Don’t ask me. I already get enough questions at home from Muffin. Most notably, upon the arrival of Poppet, “Why did you bring home a baby?”
Because I’m opposed to materialism. And having a family cures it. When a one-year-old careens across the living room, knocks over a Waterford crystal vase, smashes an antique Chinese ginger jar lamp, and pukes on the embroidered silk upholstery of the Chippendale settee, what is the reaction of a family man? “Get the video camera! She’s walking!”
Having kids defines fun down—just in time for middle age when having fun isn’t much fun anymore anyway. I used to think booze and sex would bring me joy. Now it’s a nap. Or a business trip to a Motel 6 in Dayton. Where I can go to the john in peace. Wow, a dry towel. And twenty-six channels to myself.
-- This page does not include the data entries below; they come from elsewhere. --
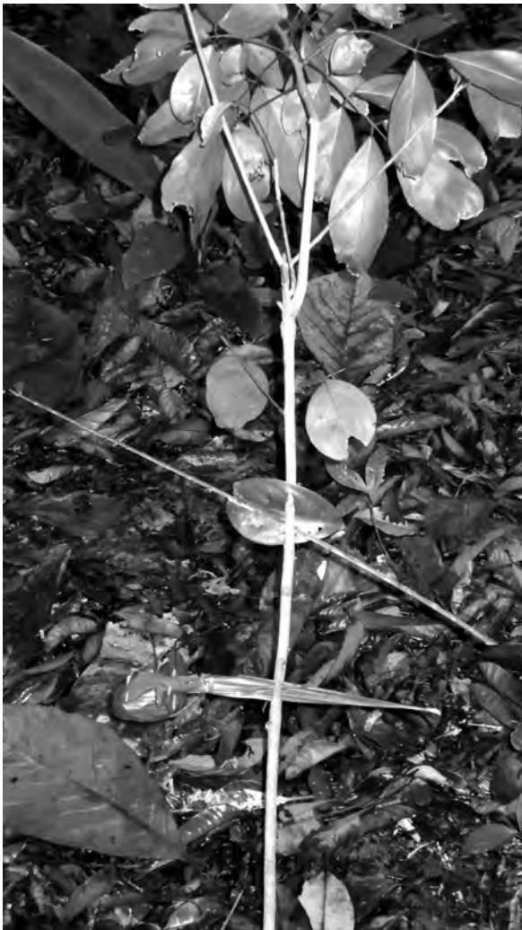
Fig. 9: Unsuccessful hunt; gone to the river to fish.

Message 1: “Successful hunt; have barbecued meat and soup. We are over here.”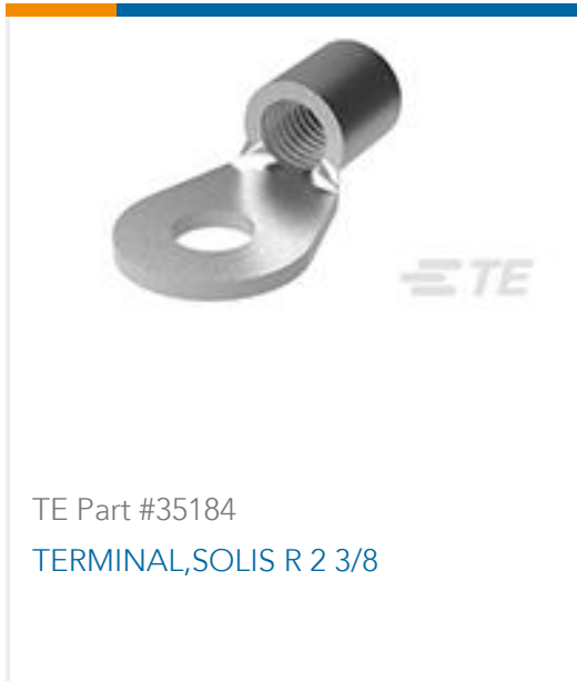
TE Part #35184 TERMINAL,SOLIS R 2 3/8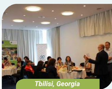
Tbilisi, Georgia September 13, 2017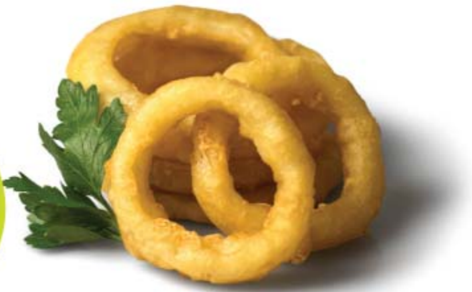
A&T Trading Beer Battered Onion Rings 1kg (BBO2)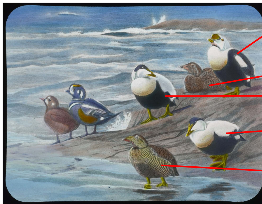
Fuertes, Louis Agassiz, King Eider, Northern Eider, Harlequin Duck, Eider , 1925. Silver gelatin, pigment on glass. Gift of Donald and Miriam MacMillan.

The female Eider lines her nest with downy feathers from her own breast to keep her eggs warm. When the ducklings hatch they are gathered into large groups or "crèches." Adult duck "babysitters" can look after 100 ducklings or more in a single crèche.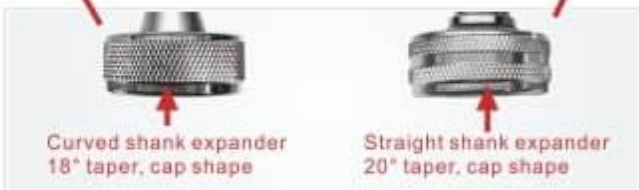
Curved shank expander 18° taper, cap shape

The heads of two kinds of expander are not universal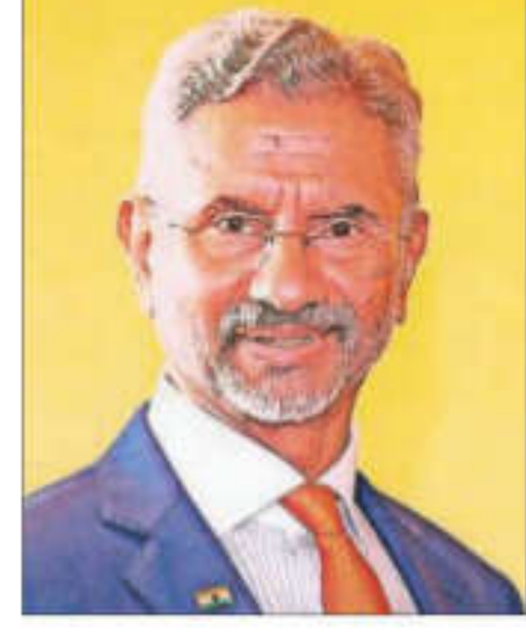
based Indo-Pacific against the backdrop of China's growing muscle-flexing in the region.

The Quad, comprising India, the US, Australia and Japan, has emerged as a key coalition focusing on working towards ensuring a free, open and rules-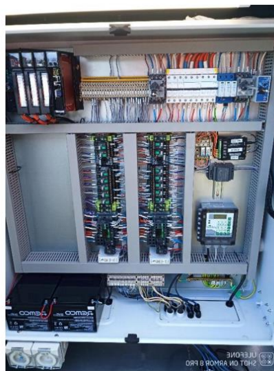
Raglan Campground – New pump control cabinet with kingfisher PLC and digital radio

Whilst resolved, this has resulted in a delay, and completion is now scheduled for October 2025.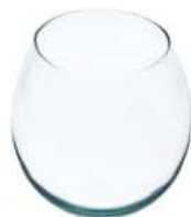
KULA D:12,5 height: 125 top: 90 diameter: 125 q/p: 864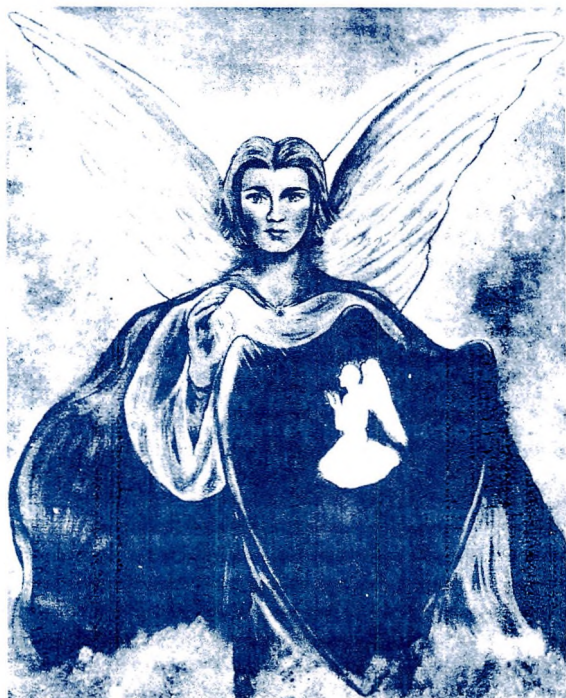
BELOVED LORD ZADKIEL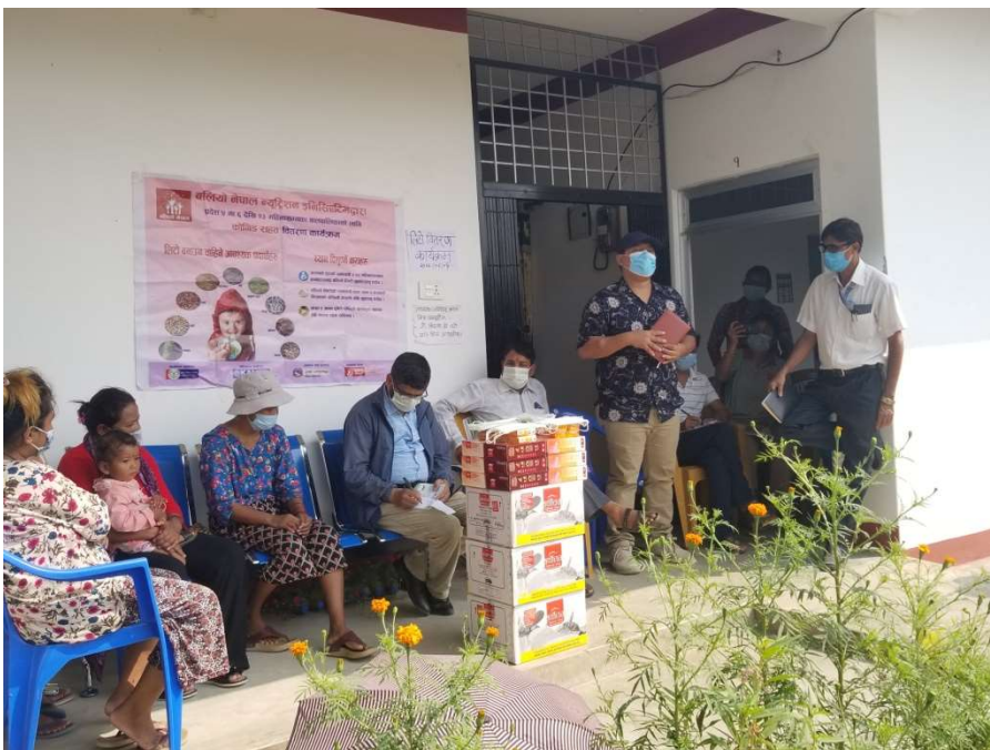
Fig: Objectives sharing of program by Executive Director of KSSC and sunwal municipality.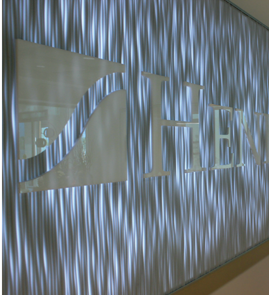
Corda in Metal Grey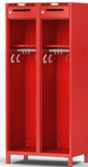
Dimensions HxWxD in cm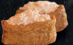
26 Salmon Mayo Inari $3.90 (2 pcs)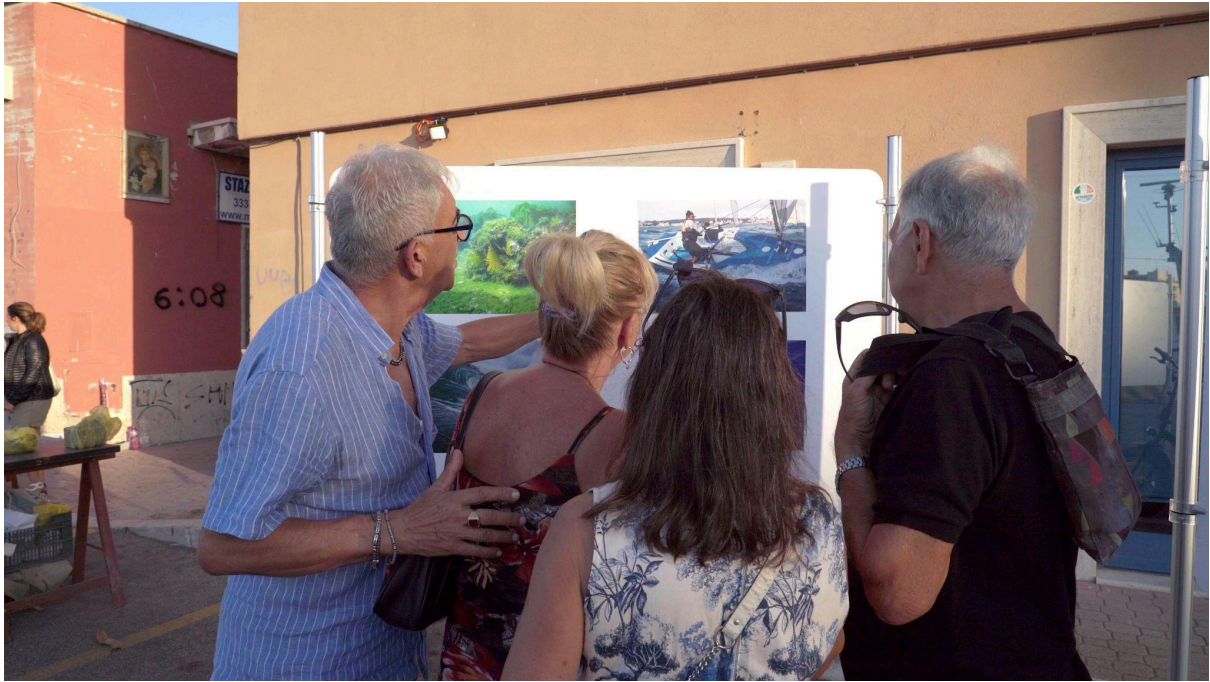
"The Sea of Anzio" curated by the CO>SEA research group (Sapienza University of Rome + Raw-News Visual Production Agency).

It’s important to have somebody around the house who’s in trouble besides me. I rarely miss the toilet bowl. Actually—I’m informed by a reliable source that I’m married to—that’s a fib. But I rarely miss with No. 2. There’s the absolute and unconditional affection I receive—from the makers of Pampers, Play-Doh, Legos, Froot Loops, et cetera. I get an excuse to indulge in a longtime private fantasy and build a major Barbie collection. No, scratch that.
The noblest calling in life is to shape and form a worthy human character. Mrs. O says that’s why she wanted to get married, but so far it hasn’t worked on me. And there’s the matter of ensuring a kind of immortality. Everyone wants to live forever, and a couple of bored kids can make one rainy Saturday afternoon seem like eternity. Plus I felt I owed it to the world to become a total idiot. Smart people cause so much trouble. I’ll bet the folks who invented the atomic bomb weren’t taking care of the kids that day. If they had been, the residents of Hiroshima would have been pelted with Pampers, Play-Doh, Legos, and Froot Loops, instead of radiation and a shock wave.
Actually, by becoming a father I’ve learned that I’m too much of a total idiot to explain anything, let alone why people have kids. In fact, I’m such a total idiot that I’m trying to talk Mrs. O into starting on a third.